As far as 21st century programming quality goes, much as I enjoy communing with it, I have to admit that the TV is not known as the "idiot box" for nothing. And while old television programmes may seem dated and ridiculous at times, it can probably be said with truth that at no time in the past have we ever scraped the barrel, in terms of substantive content, to the extent that we regularly do today. Perhaps that's the inevitable consequence of having dozens - if not hundreds - of cable channels available to us; or perhaps it's just the result of a competition for ratings that almost inevitably seems to focus on the lowest common denominator as a means of attracting the highest possible number of idiots!

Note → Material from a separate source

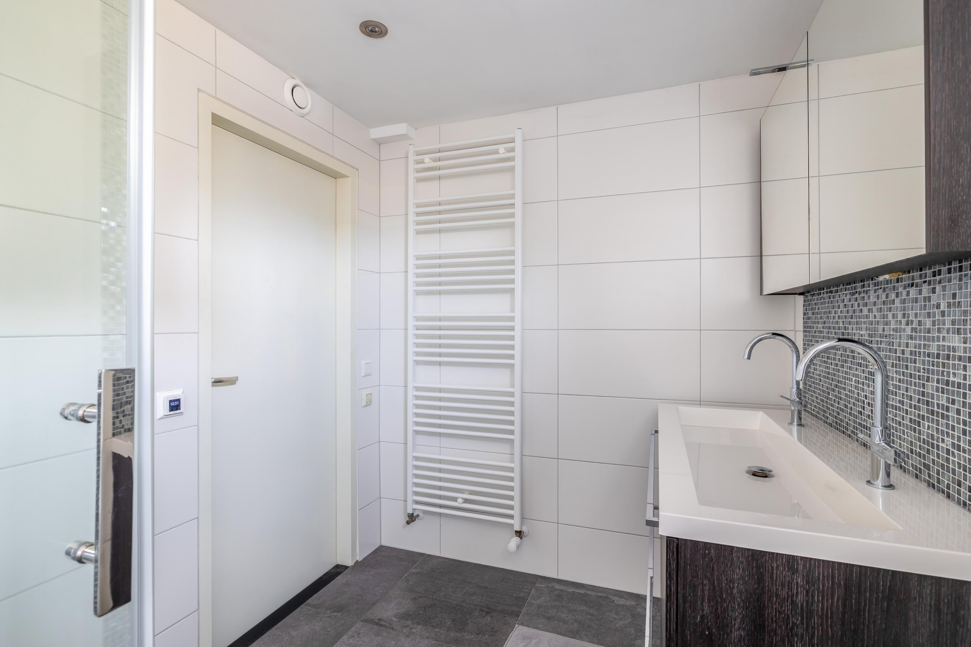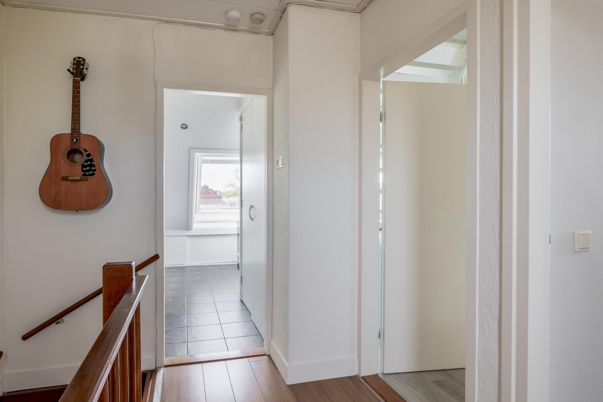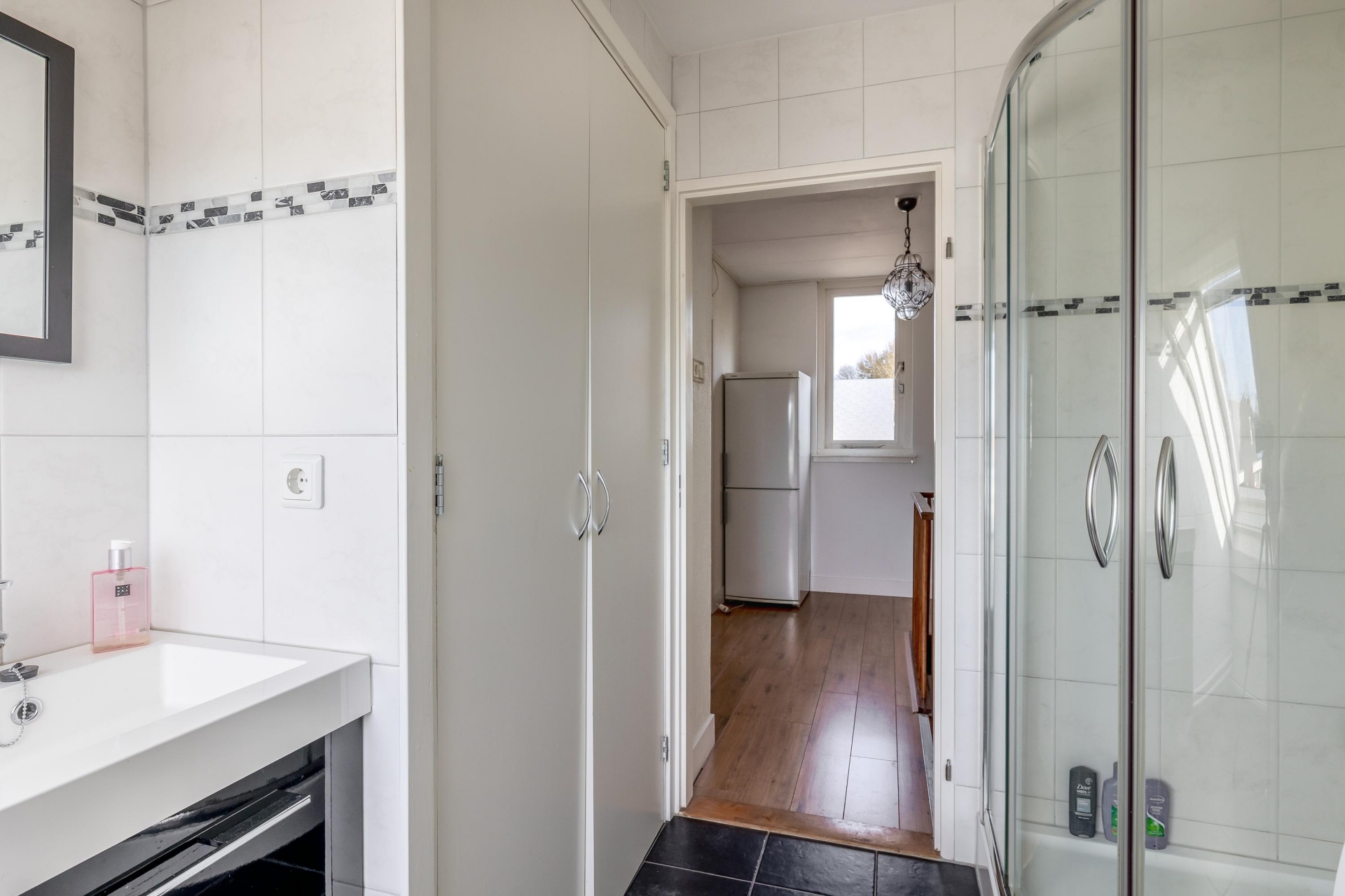 Overloop met toegang tot de ruime slaapkamer aan de voorzijde. In het midden van de woning bevindt zich de moderne badkamer, uitgerust met een inloopdouche, vrijhangend toilet en dubbel wastafelmeubel. Dankzij het raam geniet de badkamer van natuurlijke ventilatie en daglicht. Aan de achterzijde liggen nog twee slaapkamers, beide met toegang tot het zonnige balkon.

This increasingly sensationalist approach to entertainment has led to stultifying boredom in the form of programmes such as the airhead socialite Paris Hilton's "search for a new best friend” - supposedly to be selected from a group of nonentities willing to put themselves through a series of increasingly humiliating trials for this dubious privilege. Not to mention the use of stale formats such as the "Bachelor" series, which is traditionally based around the idea of one man selecting a mate from a bevy of beauties hanging onto his every word (in some cases, the roles are reversed, with one woman choosing from a group of men). This absurd process has recently degenerated into the even more desperate gimmick of pitting 20-year-old women against 40-year-old women in “Bachelor 20/40”, to see whether the "discerning" bachelor will choose an older woman over a younger one.

In any case, reality shows are dime-a-dozen these days, as are the endless talk shows, many of which churn out a steady diet of publicity regarding the latest weird social trends and sensational gossip about celebrity antics/relationships. And as with the talk show content, other TV shows of various shades seem to be following a pattern of going for the most bizarre gimmick they can come up with. A well known example of this is "Fear Factor" which basically provides people with an "opportunity" to win a prize by putting themselves through some grotesque experience (preferably one related to their deepest fear or phobia e.g. being dropped into a pit full of snakes or sky diving, for those who have a terror of heights).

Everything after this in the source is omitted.